→ **Exercise instructions**: Below are some entries; reproduce them exactly and leave every picture out.
──────── Data ────────
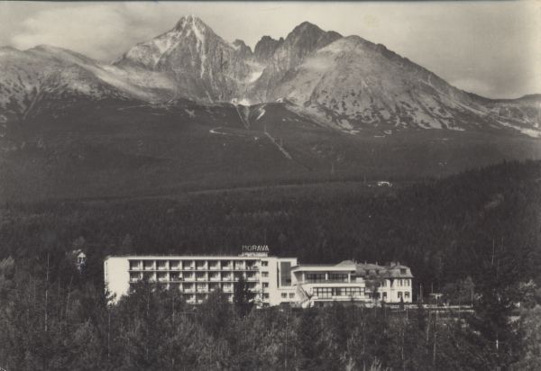 VYSOKÉ TATRY - Tatranská Lomnica Zotavovňa ROH Morava V pozadí Lomnický štít (2634 m), Vidlové veže a Kežmarský štít (2556 m).
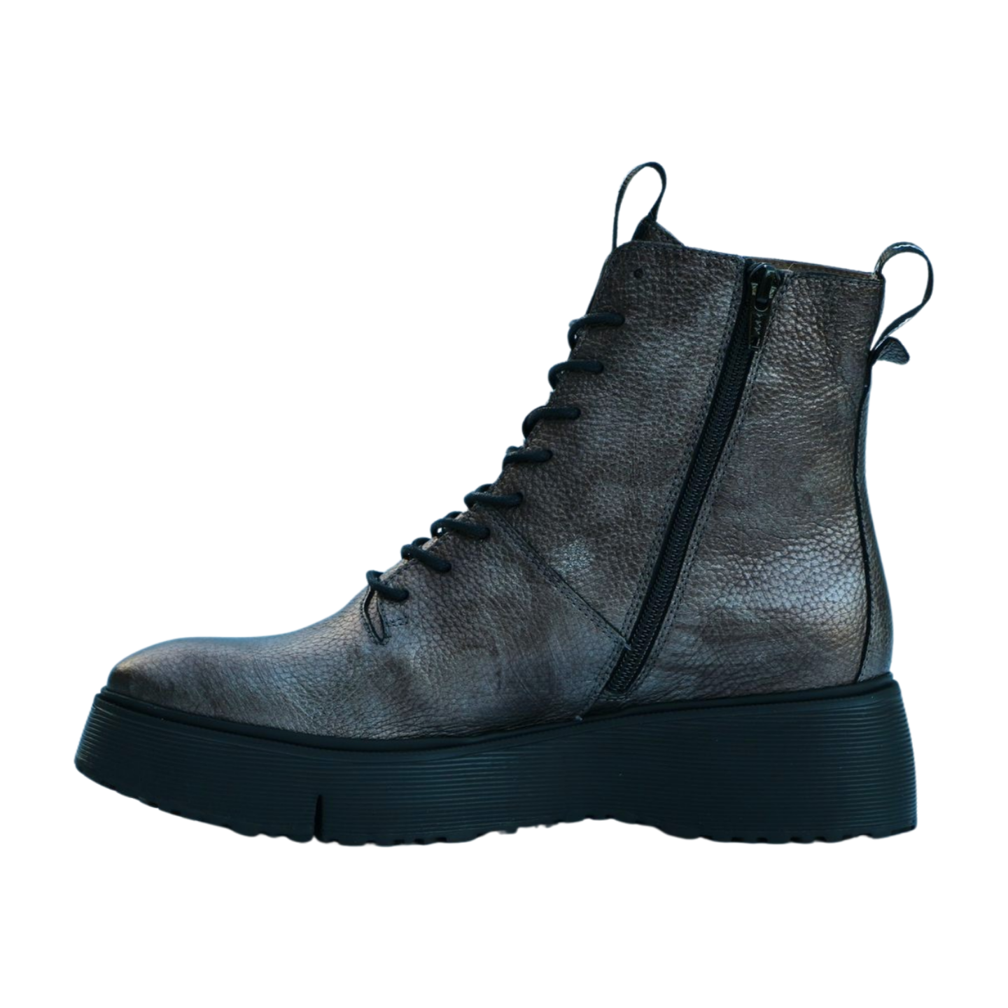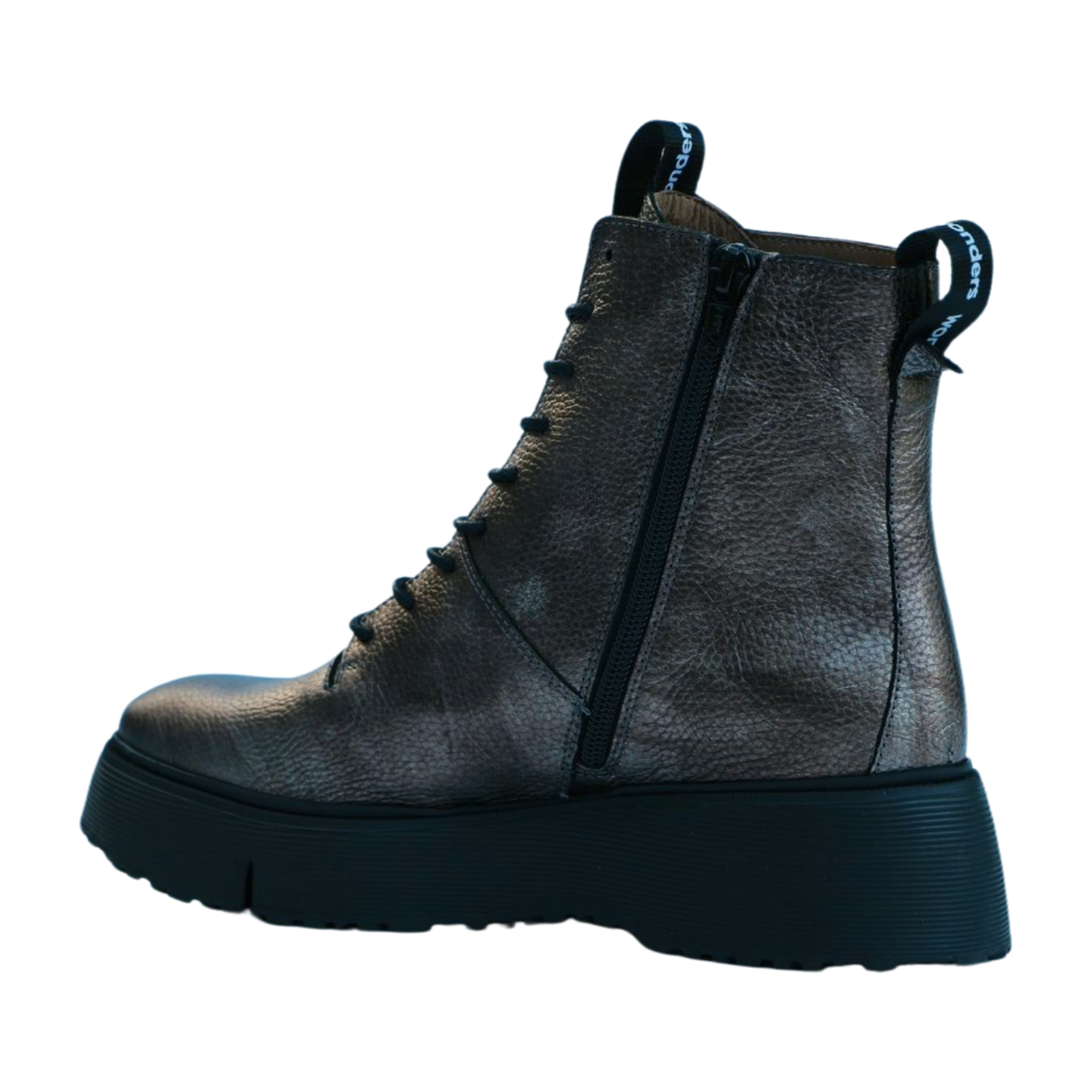 WONDERS Pewter Leather Lace Up Ankle Boot Style : A-9350 Upper: Leather Lining: Leather Sole : Manmade Height :4.5cm
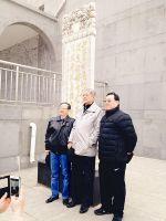 春风似剪柳如丝,情系晋绥寄哀思。4月1日下午,阴天,大风中,晋绥后代林炎志、续大田、苏斌等27人抵达兴县,来到位于蔡家崖的晋绥边区革命纪念馆,在纪念馆大厅里向贺龙元帅的雕像敬献花篮并参观纪念馆,重温烽火岁月父辈的革命历程。实物、图片、模拟场景、雕塑等,展示出波澜壮阔的战争年代,父辈同日军所进行的不屈不挠的英勇斗争,让晋绥后代们心潮起伏,思绪万千,纷纷在父亲的雕塑、图片、名字前留影。晋绥文化教育发展基金会秘书长段晓飞吩咐摄影记者拍下柜内展示的龚逢春、姜宝箴夫妇使用过的毛毯,说回去让94岁的姜阿姨看看照片。参观完纪念馆,大家在前往晋绥军区司令部旧址的路上,在一通汉白玉石碑前驻足。段晓飞向记者介绍:石碑上父亲段云所书《续范亭诗赠贺龙将军》的诗,是续将军为贺老总所写,作于抗战初期,这幅字在贺龙家的客厅挂了35年,2011年5月,经山西省委宣传部批准,将这幅饱含着时代印记的作品,镌刻成碑。当年6月9日在兴县开工,那一天恰是贺龙祭日,8月1日竣工。这通汉白玉石碑昂然矗立于的晋绥边区革命纪念馆院内,默默地述说着父辈们的一段深情。林炎志、续大田、段晓飞三位晋绥后代在碑前深情合影,寄托对老一辈深深的缅怀之情。
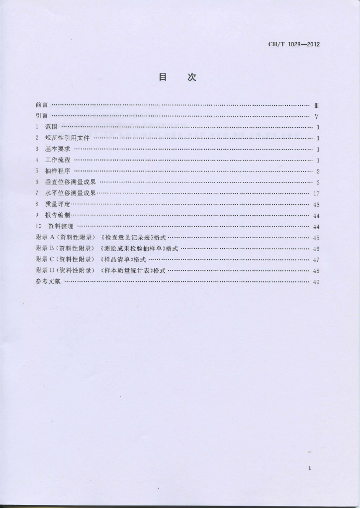 CH/T 1028-2012 变形测量成果质量检验技术规程
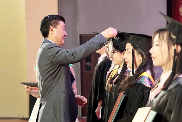 吴泽强校长为毕业生代表颁发毕业证书、学位证书并扶正流苏
────────
→ **Your solution**:
 VYSOKÉ TATRY - Tatranská Lomnica Zotavovňa ROH Morava V pozadí Lomnický štít (2634 m), Vidlové veže a Kežmarský štít (2556 m).
 WONDERS Pewter Leather Lace Up Ankle Boot Style : A-9350 Upper: Leather Lining: Leather Sole : Manmade Height :4.5cm
 春风似剪柳如丝,情系晋绥寄哀思。4月1日下午,阴天,大风中,晋绥后代林炎志、续大田、苏斌等27人抵达兴县,来到位于蔡家崖的晋绥边区革命纪念馆,在纪念馆大厅里向贺龙元帅的雕像敬献花篮并参观纪念馆,重温烽火岁月父辈的革命历程。实物、图片、模拟场景、雕塑等,展示出波澜壮阔的战争年代,父辈同日军所进行的不屈不挠的英勇斗争,让晋绥后代们心潮起伏,思绪万千,纷纷在父亲的雕塑、图片、名字前留影。晋绥文化教育发展基金会秘书长段晓飞吩咐摄影记者拍下柜内展示的龚逢春、姜宝箴夫妇使用过的毛毯,说回去让94岁的姜阿姨看看照片。参观完纪念馆,大家在前往晋绥军区司令部旧址的路上,在一通汉白玉石碑前驻足。段晓飞向记者介绍:石碑上父亲段云所书《续范亭诗赠贺龙将军》的诗,是续将军为贺老总所写,作于抗战初期,这幅字在贺龙家的客厅挂了35年,2011年5月,经山西省委宣传部批准,将这幅饱含着时代印记的作品,镌刻成碑。当年6月9日在兴县开工,那一天恰是贺龙祭日,8月1日竣工。这通汉白玉石碑昂然矗立于的晋绥边区革命纪念馆院内,默默地述说着父辈们的一段深情。林炎志、续大田、段晓飞三位晋绥后代在碑前深情合影,寄托对老一辈深深的缅怀之情。
 CH/T 1028-2012 变形测量成果质量检验技术规程
 吴泽强校长为毕业生代表颁发毕业证书、学位证书并扶正流苏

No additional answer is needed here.